Remembering Erika

Erika Strobel
Photo from Facebook, courtesy of Jocelyn Hamilton

It would have been my Canadian friend Erika Strobel’s birthday yesterday. I never met her, and without looking it up, I don’t know exactly how old she would have been, but I loved her anyway. We had many mutual friends, and several very dear ones in common, and we would often find ourselves conversing in the same little email group. She was a writer too, largely, like myself, for animation, and a successful one in her time, loved by all she met and worked with. But it seems latterly there wasn’t so much work, which in our industry is all too common, as we are outpaced by upcoming younger talent. I had no idea she was hurting either, and I don’t think even many of her close friends did. I have no idea of her mental history, but obviously something was wrong, because six months or so ago she organised her affairs, wrote a note, and quietly took her life. I was told shortly afterwards that one of the things she put in the note was that she felt unfulfilled as a writer. I’d never cried for someone I didn’t know before, but I did that day.

But when I began to think about it, months later, to that sadness was added incomprehension, and something approaching anger. How did she feel unfulfilled? Like me, she had had many successes, and a credit list way longer than my own. I guess that wasn’t enough though. I don’t know what her aspirations were – who knows, maybe nothing would have been enough, although from what I know she wasn’t that type. All I know is that citing that reason for ending her life, albeit no doubt among others, made me have a long hard look at my own. For me also, the script work has decreased to almost nothing, but that has been partially self-inflicted, because I stopped chasing the work for a while and tried to be a producer, and by the time I realised that wasn’t a career path that would lead me to peace and prosperity, the scriptwriting industry had moved on without me. So I went back to trying to write books, with a continuing succession of minimum wage day jobs to support that precarious path, and now, no doubt, the industry thinks I’ve retired. It’s not true, and do by all means send work!

But since Erika’s death, and more than partly because of it, I have been slowly realigning my expectations, and have come to realise that  I must try to achieve some kind of peace, harmony and happiness in life, regardless of whether any more success, financial or critical, comes my way. My Facebook cover photo quotes Einstein, from 1922: “A calm and humble life will bring more happiness than the pursuit of success and the restlessness that comes with it.” That’ll about do it.
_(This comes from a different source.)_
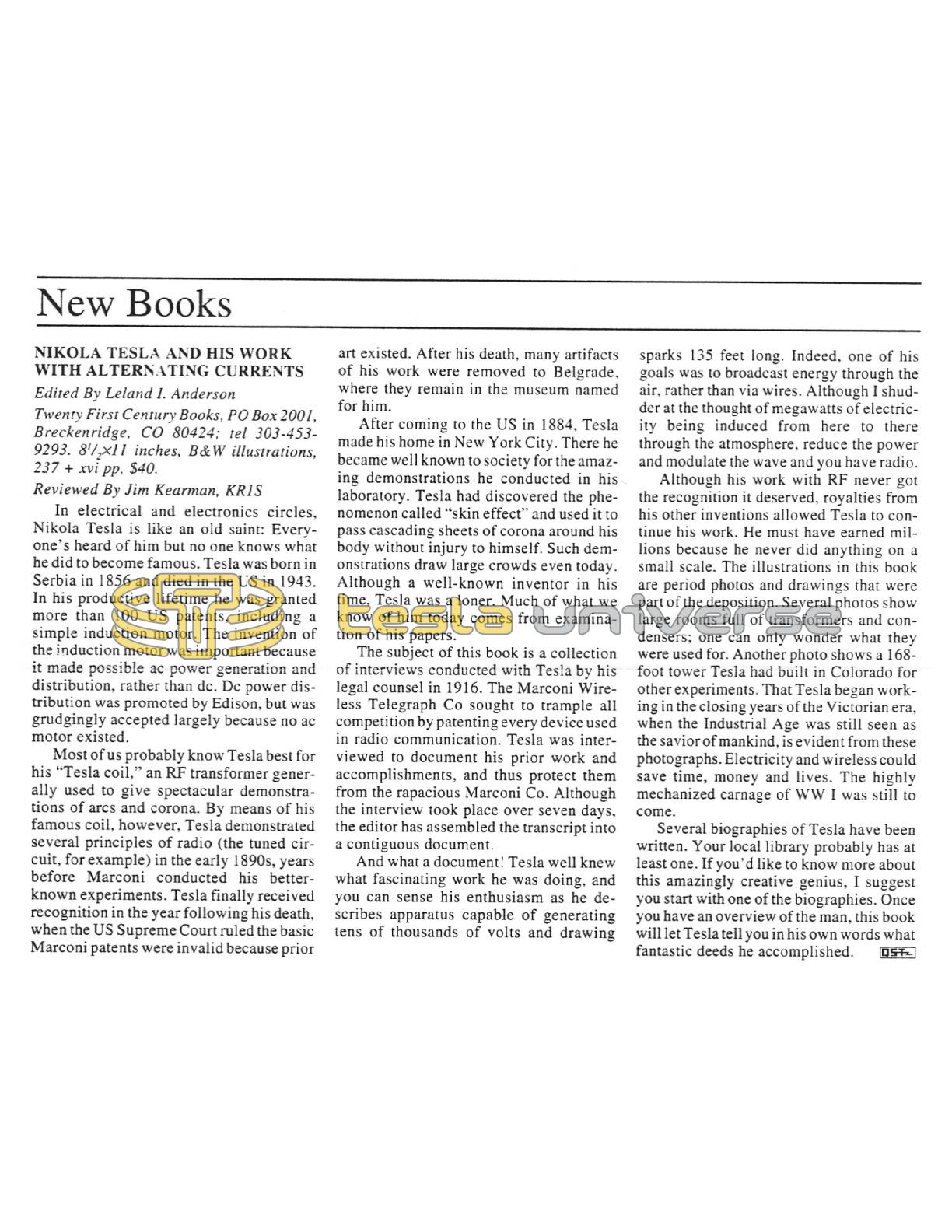 New Books - Nikola Tesla and His Work with Alternating Currents

So, to that end I have stopped smoking, and drinking, and when my stupid day job allows, spend a lot more time outdoors, and, mostly, an inner calm is at last beginning to descend. But the question still hangs there – do I feel fulfilled as a writer? You know what, yes, I do. I have had success, in the past, and have created things that kids loved at the time, and in some cases still love as adults. A few days ago a young aspiring writer asked me if she could send me her first spec script, for my thoughts as ‘an expert’. I wouldn’t consider myself as anything of the sort, but nonetheless, if I do nothing else of note in the writing field, that, for me, is some kind of very special fulfilment. I’m just so, so sad that you didn’t feel that you had that, Erika. Rest in peace my friend.